Exercise and ADHDTo the average adult with ADHD exercise takes a back seat to almost all other activities. Work, family and friends, errands, sleep and even housework! These activities are important, however so is exercise. Exercise not only helps the longevity of your body, but it helps reduce some of the negative effects of ADHD too. For example, exercise improves your attention, mental focus, memory, mental stamina and allows you to expend pent up energy. Dr Hallowells says  “Exercise stimulates epinephrine, dopamine and serotonin, like meds. So exercising is like taking meds for ADHD in a holistic, natural way”.

So what can you do to make sure exercise is part of your daily life? As well as choosing a form of exercise that is fun for you and one that is convenient, a powerful way is to look to those people who you admire and are inspired by. Perhaps your favourite sports personality or someone who you know personally. There is one particular example of someone we all know who I find very inspiring and that is Barack Obama.

On the 4th of November 2008, the eyes of the world were on America and its election day. Barack Obama made history by becoming the first African American president. His political views, beliefs and sincerity resonated with millions worldwide. It was a huge day for him and his young family. Over two years of hard work on the campaign trail culminated on this day. We can only imagine the intense emotions he must have felt. That evening when the results were official, he stood in front of 125,000 people in Chicago and gave a speech that brought people to tears and gave people goose bumps all around the world. I am guessing he didn’t get much sleep that night.

Do you know what Barack did around 6 am the morning of the 5th of November? After this momentous day? He went to the gym. Then he put on a suit and started his day.

Now if anyone could excuse themselves from a visit to the gym that day, it would have been Barack Obama. Some thoughts that might have popped into his mind: I am too tired, too busy, I have just been voted the next president of the United States! Even if those excuses did come to his mind, he went to the gym anyway.

What can you do to make sure you exercise regularly?
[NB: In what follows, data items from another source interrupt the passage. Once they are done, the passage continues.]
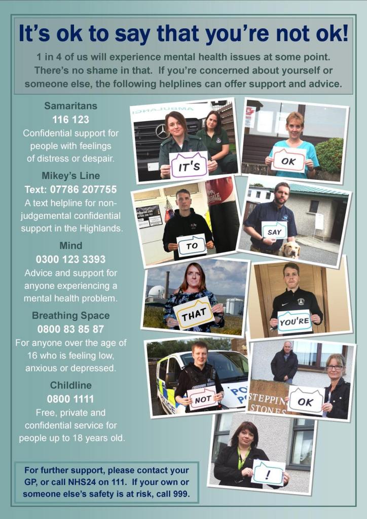 Mental Health Support We are living in difficult times, talk to someone, you are not alone. Here are some groups that can support you. Contact details: Samaritans 116 123 Mikey’s Line 07786 207755 Mind 0300 123 3393 Breathing Space 0800 83 85 87 Childline 0800 1111 NHS24 111 Share this: Share on X (Opens in new window) X Share on Facebook (Opens in new window) Facebook Like Loading...
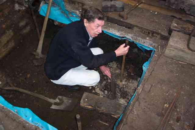 • The steam hammer anvil and baseplate have been located on the new timbers.
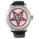 Pentagramme rouge, inversé et texturé dans un cercle, sur fond blanc. Symbole occulte. 666
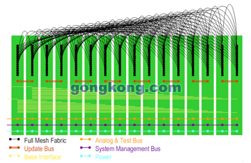 這是一種全新的數(shù)據連接結構,在這種"交換結構"的支持下,任何一次數(shù)據釋放,不管它在哪一個連接器的哪一個Pin,都有一條單向的數(shù)據通路通向任何它想去的連接器的任何Pin。這種數(shù)據連接是通過一種交換元件動態(tài)地對數(shù)據通路進行連接和斷開,從而實現(xiàn)高速數(shù)據傳輸。
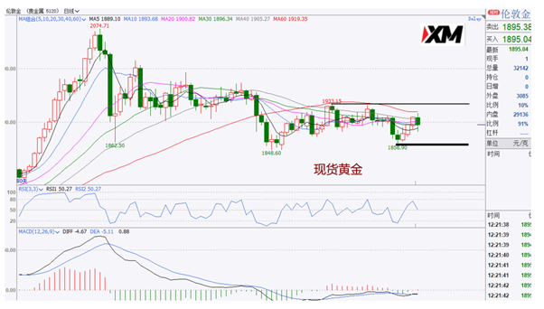 黄金昨日连续三天收阳,今天早盘拉高至1916.3后冲高回落,盘中已经跌破昨日低点1886。意味着行情打破了连续三日上涨的节奏。当前RSI指标高位,MACD多空能量不明显。走势上继续震荡是大概率,消息影响下操作把握的难度相对会很大。
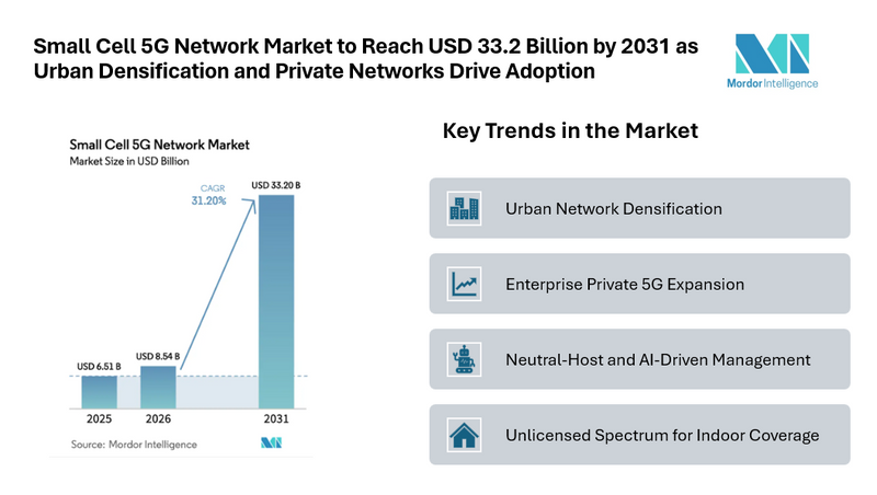 According to Mordor Intelligence, the small cell 5G network market size is expected to grow from USD 6.51 billion in 2025 to USD 8.54 billion in 2026 and is forecast to reach USD 33.2 billion by 2031, registering a CAGR of 31.2% during the forecast period. Rising data consumption, demand for low-latency connectivity, and the need to extend coverage in dense urban zones are central to this outlook. These factors are shaping the market size and creating new deployment opportunities across indoor venues, transportation hubs, campuses, and smart-city corridors.
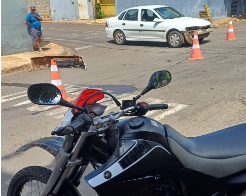 Um acidente entre um carro e uma motocicleta foi registrado nesta quinta-feira, 11, no cruzamento da Rua Pernambuco com a Rua Santiago R. Garcia, no sentido Bairro Distrito Industrial.
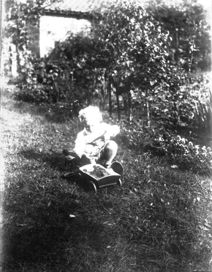 Karin och Axel Lindholms son Sven leker i Ringmans trädgård. Uthuset i Karl Anderssons trädgård bakom.
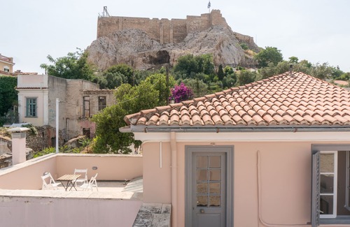 An utterly charming 2 storey restored dwelling in the heart of Plaka with private roof terrace and breathtaking view of the Acropolis, so close you can almost touch it! Enjoy the coutyard garden and historic feel of this 19th century building, with high ceilings, lots of natural light and modern facilities.

  1. Make exercise part of your daily routine so that it would be just as hard not to exercise as not brush your teeth at night.
  2. Think of who inspires you to exercise and use them as a motivation to get you moving.
  3. Give yourself a healthy reward after you exercise.
  4. Next time an excuse pops into your head about not exercising, think of Barack.
  5. Notice and enjoy the benefits that exercise has on your ADHD.